Blake Oliver Carter.
Manhattan, New York.
"... credevo sinceramente che mi avresti dato buca"
"Quando prendo un impegno, un appuntamento, lo rispetto"
"Credevo che per via di Maya... Mi..."
"... Mia, lei si chiama Mia" sospiro, stringendo la bottiglia di birra nella mano. "E per favore, non... nominarla, non... toccare questo argomento delicato"
"Guai in vista in paradiso per la coppia perfetta?" ride, guardandomi.
"Non mi sembra che siamo qui per parlare di me e Mia, piuttosto raccontami di questa tua casualità nell'essere nuovamente a New York"
Savannah, annuisce. "Sai quel corso che frequentavo? Quello per poter avviare un bar tutto mio? L'ho finalmente completato e sto per aprire un piccolo locale..."
"Complimenti"
"... e lo aprirò proprio qui, a New York..."
Il sorso di birra, mi scende di traverso.
"... ho avuto l'occasione del secolo e non ho potuto lasciarla scappare" soddisfatta, sorride.
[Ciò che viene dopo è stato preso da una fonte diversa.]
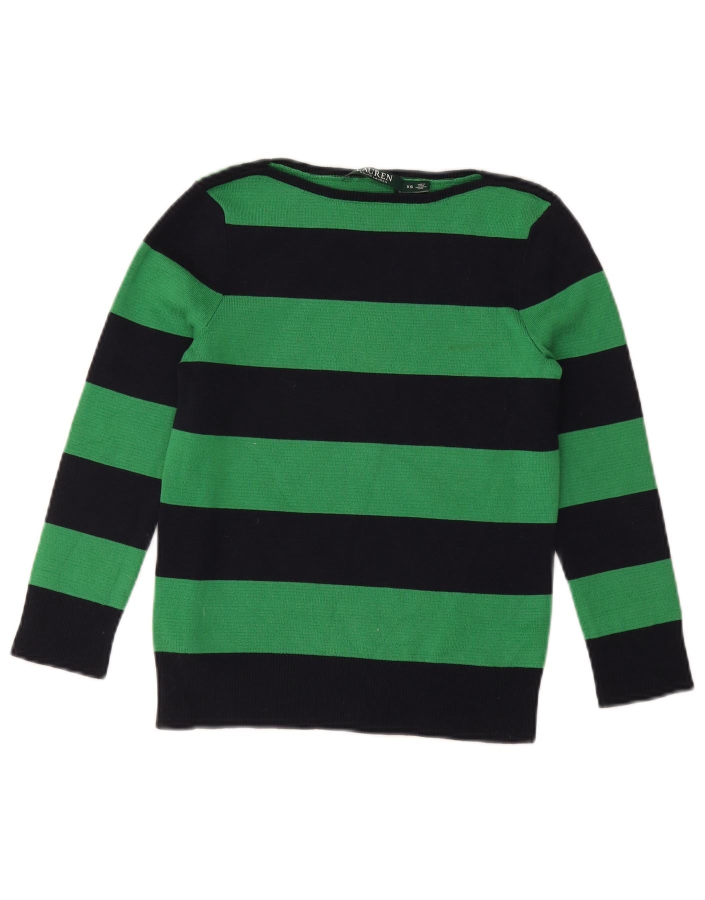 RALPH LAUREN Jersey con cuello barco para mujer UK 6 XS Algodón a rayas verdes
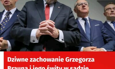 Kuriozalne sceny w sądzie: Grzegorz Braun i jego zwolennicy zaskoczyli wszystkich nietypowym zachowaniem na korytarzu. Co się tam wydarzyło?

"Non credo che sia una buona idea aprire un locale proprio qui, New York è pieno zeppo di bar, pub, locali in generale e sarebbe uno spreco aprirne un altro"
"Lo so, infatti ne prenderò uno già avviato, vedi quello?" indica, l'enorme palazzo dall'altra parte della strada. "E vedi anche quel bar lì sotto? Con i tavolini in acciaio perfettamenti sistemati sotto al gazebo?"
All'istante sbianco, il palazzo a vetri indicato è proprio il palazzo dove Mia lavora.
"Quel bar lì tra tre settimane sarà ufficialmente mio"
"Non... puoi Savannah" sospiro, sfregando entrambe le mani sul viso. "In quel palazzo, al ventiseiesimo piano, lavorano Mia e suo padre"
"Ottimo, potremmo diventare amiche"
"Amiche, certo" sussurro, bevendo un altro sorso di birra. "Hai ragionato abbastanza? Per me non è una cosa di... dannazione, Mia" la vedo, avvicinarsi al bancone con un diavolo per capello.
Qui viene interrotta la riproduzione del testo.